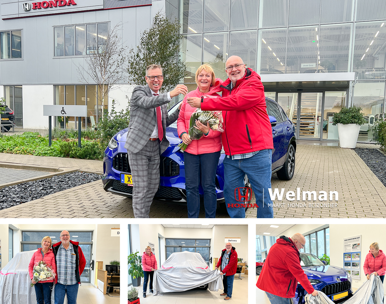 Bij toeval kwam de familie Uijl op onze locatie aan de Parelweg voorbij, het was niet direct de bedoeling om binnen te lopen bij Honda en toch viel het allernieuwste ZR-V model van Honda direct bij de familie Uijl in het oog. Leder interieur, elektrische verstelbare stoelen en een Panoramadak is een must en dat is minimaal wat de ZR-V naast alle andere mooie opties als standaard heeft. Een proefrit werd direct gemaakt en het smaakte naar meer, zo kwamen we serieus ingesprek voor een nieuwe volgende auto wat dan een Honda ZR-V heet. Levertijd was niet gewenst en de blauwe kleur was in trek, zo konden we na montage van een paar degelijke all weather banden en een inklapbare trekhaak deze pracht SUV aan deze familie uit Heerhugowaard afleveren. Onze bloemist Ron de Vries, die overigens de naaste buurtjes bleek, heeft nu ook eens uitkijk op een geweldig mooie auto!!! Samen genieten van jullie nieuwe auto en natuurlijk veel rij -plezier toegewenst.
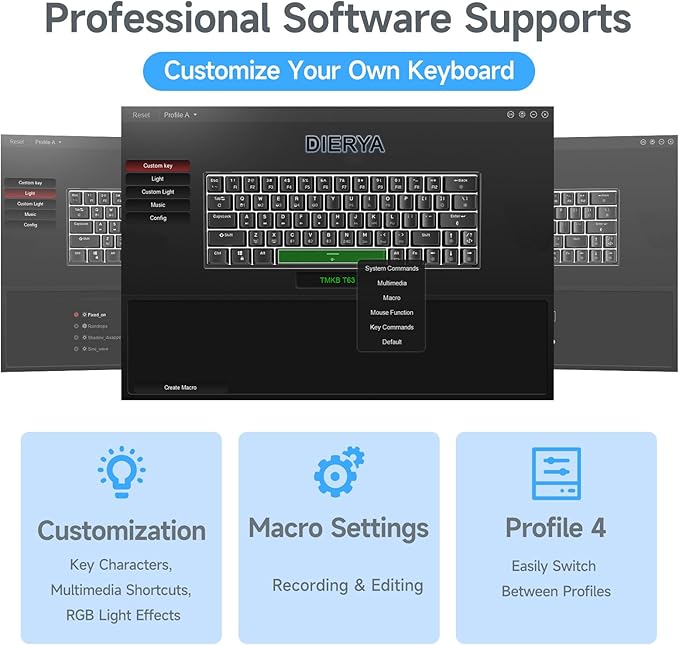 - Keyboard Description : The DIERYA T63 is a compact 60% wireless mechanical gaming keyboard with 63 keys, including directional keys. It utilizes 'FN' key to execute all functions while retaining full functionality, freeing up more desktop space. features independently developed red switches, characterized by linear and lighter feel, single-press lifespan of 60 million times. supports 2.4G/Bluetooth 5.0/wired USB connectivity, allowing seamless switching between various devices. equipped 3000mAh battery, providing approximately 8 hours continuous usage at maximum backlight intensity 90 the turned off. boasts rich RGB dynamic lighting system, offering 18 different modes 16.8 colors, customizable through control software. compatible Windows 11/10/8/7/XP, Mac OS, Vista, Linux. The DIERYA T63 is a compact 60% wireless mechanical gaming keyboard with 63 keys, including directional keys. It utilizes 'FN' key to execute all functions while retaining full functionality, freeing up more desktop space. features ind… See more
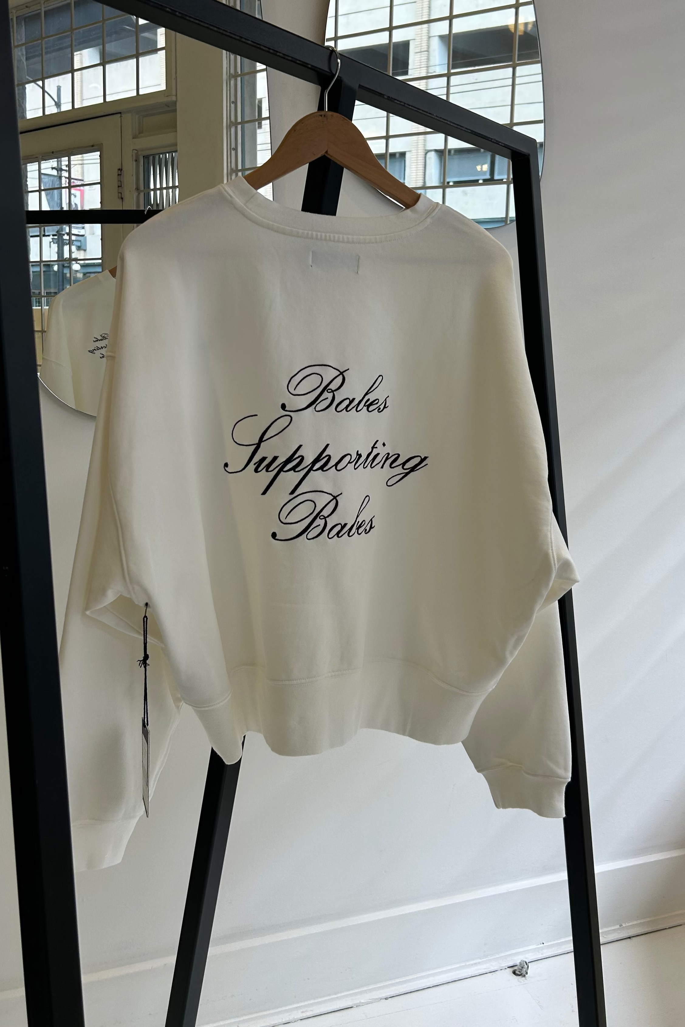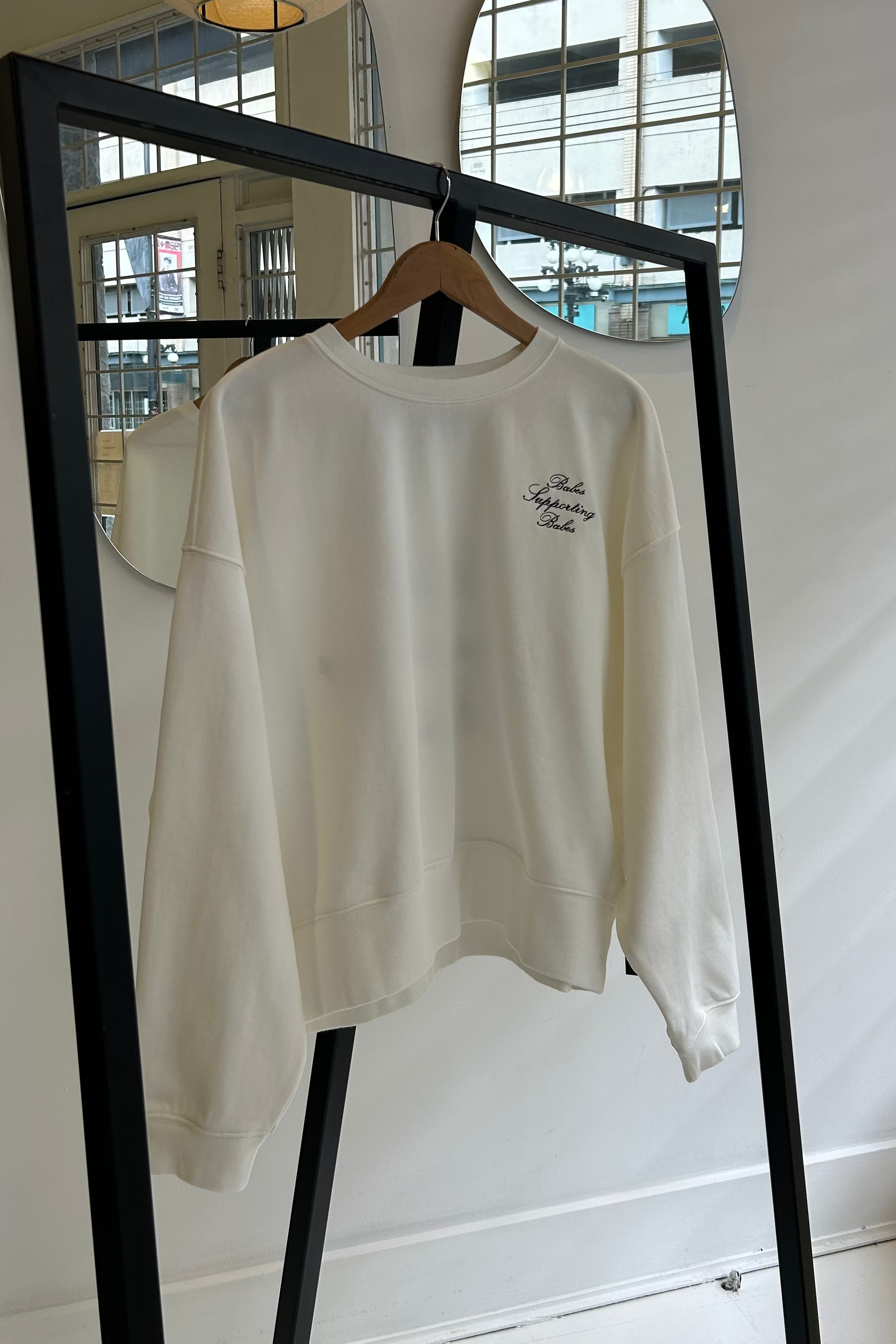 A cotton crewneck with script on front and back. Raglan cut with a subtle balloon sleeve.
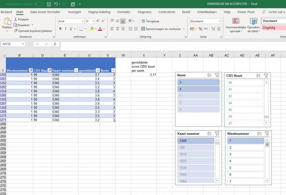 1. Goedemorgen, Ik zit met een moeilijke opgave L In het bestand (zie bijlage) staan de gemiddelde scores kolom U2:U52687 Als ik via de slicers 1 CBS buurt en 1 weeknummer selecteer, dan zou ik van de resultaten het gemiddelde willen weten van de waarden in kolom U. Ik heb de bekende formule voor GEMIDDELDE direct onder het kopje “gemiddelde score CBS buurt per week “ gezet NA DE SELECTIE , maar als ik een nieuwe selectie maak, dan is die formule foetsie. Hoe krijg ik het voor elkaar om een blijvende formule zichtbaar te krijgen na elke willekeurige selectie van CBS buurt met weeknummer? Ik hoop dat u mij zou kunnen helpen met een oplossing Bij voorbaat dank voor uw aandacht voor dit probleem. Met vriendelijke groet, W.E. Haeser Mobiel 06-53413802 GEMIDDELDE NA SLICERFILTER.xlsx

**Assignment**
Both the line containing "- Keyboard Description" and the line containing "A cotton crewneck" above belong in the output, as do the lines between them. Print them exactly, without pictures.

**Answer to the problem**
 - Keyboard Description : The DIERYA T63 is a compact 60% wireless mechanical gaming keyboard with 63 keys, including directional keys. It utilizes 'FN' key to execute all functions while retaining full functionality, freeing up more desktop space. features independently developed red switches, characterized by linear and lighter feel, single-press lifespan of 60 million times. supports 2.4G/Bluetooth 5.0/wired USB connectivity, allowing seamless switching between various devices. equipped 3000mAh battery, providing approximately 8 hours continuous usage at maximum backlight intensity 90 the turned off. boasts rich RGB dynamic lighting system, offering 18 different modes 16.8 colors, customizable through control software. compatible Windows 11/10/8/7/XP, Mac OS, Vista, Linux. The DIERYA T63 is a compact 60% wireless mechanical gaming keyboard with 63 keys, including directional keys. It utilizes 'FN' key to execute all functions while retaining full functionality, freeing up more desktop space. features ind… See more
 A cotton crewneck with script on front and back. Raglan cut with a subtle balloon sleeve.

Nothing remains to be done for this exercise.